Speaker at Oil and Gas Conferences - Bah Dahmane
University of Boumerdes, Algeria
Title : Geological evolution, structural controls, and petroleum potential of the MSGBC basin: Insights and discussion

Abstract:

The MSGBC Basin, a passive margin basin on the Northwest African Atlantic Margin, originated in response to the opening of the proto-Central Atlantic Ocean. Basin initiation is inferred to have occurred during a Late Triassic rifting phase, evidenced by seismic data in onshore Mauritania and well-documented on conjugate margins in Morocco and the eastern seaboard of North America. Although syn-rift faults bound the rifted succession, these structures are largely absent in the post-rift stratigraphy. The Early Jurassic rift-drift transition is dominated by evaporite deposition, likely the source of offshore salt diapirs, and acted as a detachment surface for subsequent gravity-driven tectonics. From the Middle Jurassic to Valanginian, a semi-regional carbonate platform developed along the basin margins, later terminated by a rapid Valanginian transgression and Barremian clastic deposition in Mauritania. Post-Valanginian stratigraphy records several third-order clastic cycles punctuated by transgressive carbonates, corresponding to source rock deposition during Cenomanian–Turonian, Paleocene, and possibly Late Aptian–Early Albian intervals. Lowstand periods favored turbidite deposition in Mid Cenomanian, Late Maastrichtian, Middle Miocene, and Late Miocene, forming either unconstrained or canyon-confined deepwater fairways. The Neogene succession is characterized by a rapidly deposited clastic wedge exceeding 3 km in thickness along the basin axis, driving maturation of underlying Turonian source rocks into the oil window. Structural evolution of the post-rift section is dominated by gravity-driven tectonics, with Early Jurassic evaporites and Late Albian detachment levels controlling subsidence, growth faulting, and toe thrust formation. Reactive salt diapirism developed during compressional toe thrusting, with Miocene progradation shifting depocentres basinward, generating a new gravity-driven system. Salt diapirs, once topographically significant, became truncated and inactive, while continued shelf- edge growth induced localized compression over these structures.
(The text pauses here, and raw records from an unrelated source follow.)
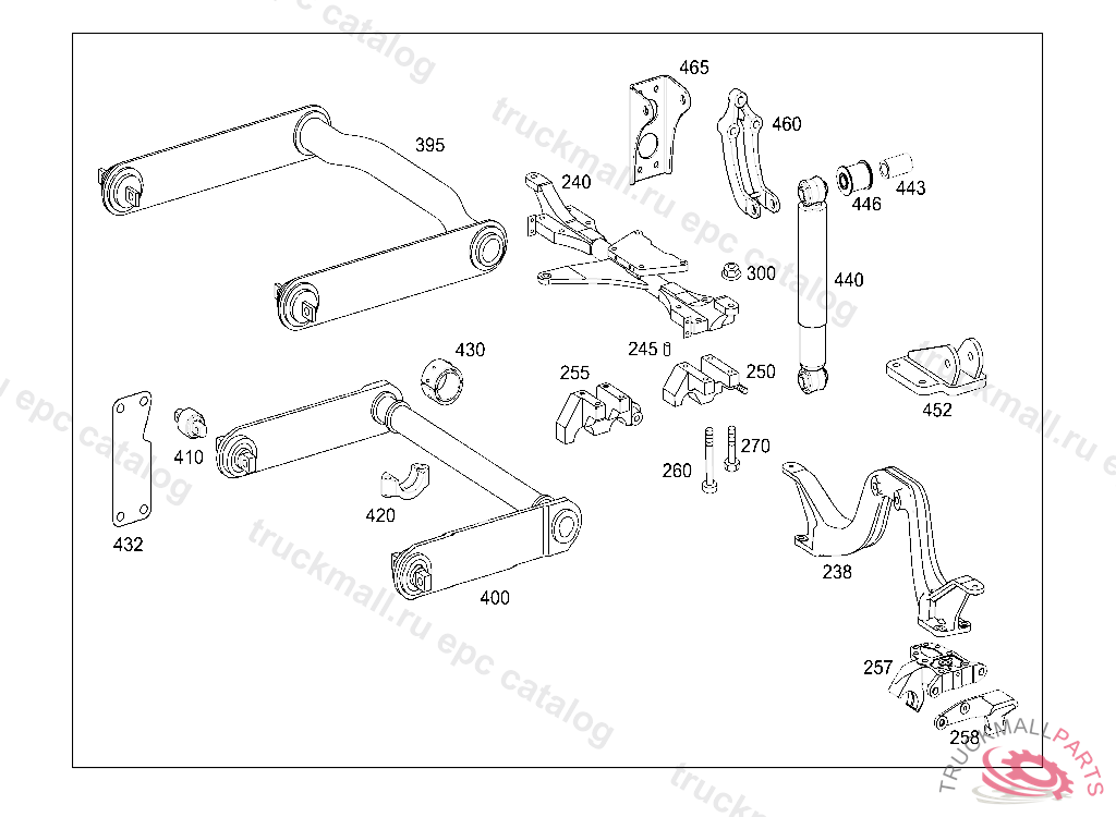 BRACKET TORSION BAR AND SHOCK ABSORBER,RIGHT, FOR COMPONENT PARTS SEE SPARE PARTS LIST
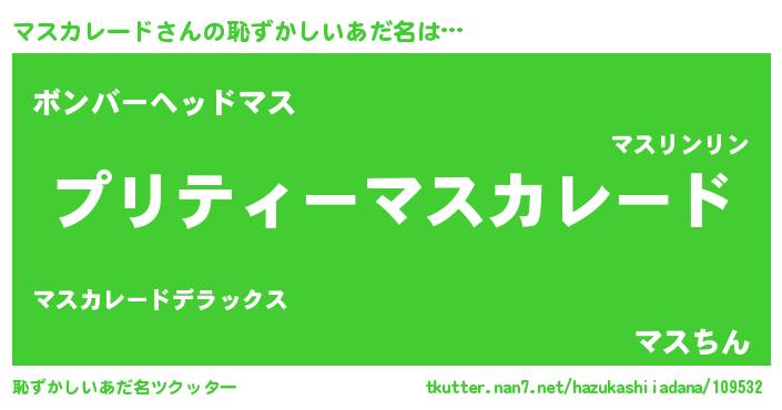 | ヘコむあだ名 | 『マスにゅー』『マスカレード(小並感)』 |
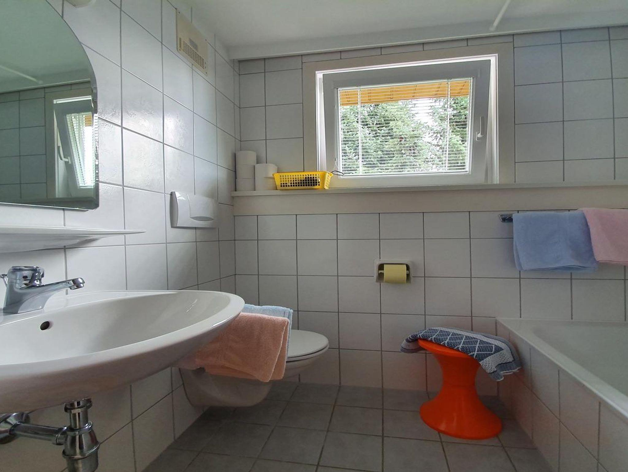 Appartement für 2-4 Personen, mit Südterrasse, gelegen im Parterre der Süd-Westseite des Hauses. Die Wohnung ist ca. 55 m² groß und verfügt über ein Wohnzimmer mit Schlafcouch für 2 Personen, eine kleine separate Küche mit 2 Kochplatten, Kühlschrank, Geschirrspüler, Wasserkocher und Toaster, ein Schlafzimmer für 2 Personen und ein Bad/WC.

Overall, the MSGBC Basin exhibits a complex interplay of syn- and post-rift tectonics, carbonate platform evolution, clastic progradation, and salt tectonics, controlling hydrocarbon source rock maturation, reservoir distribution, and structural traps, highlighting its significant petroleum potential.

Biography:

Bah Dahmane As a PhD researcher, Reservoir engineer, and lecturer in Reservoir Engineering at the Faculty of Sciences and Technology, Nouakchott University, and the Faculty of Hydrocarbon and Chemistry, Boumerdes University, He had the opportunity to lead and contribute to multiple research projects focused on the Mauritanian Coastal Basin. His work has particularly emphasized discovery plays such as Tiof, Chinguetti, Banda, Tevet, GTA, and Bir Allah. His latest article has been published in the Journal of Petroleum Geology and is also available on ResearchGate, alongside other research papers and contributions to international workshops.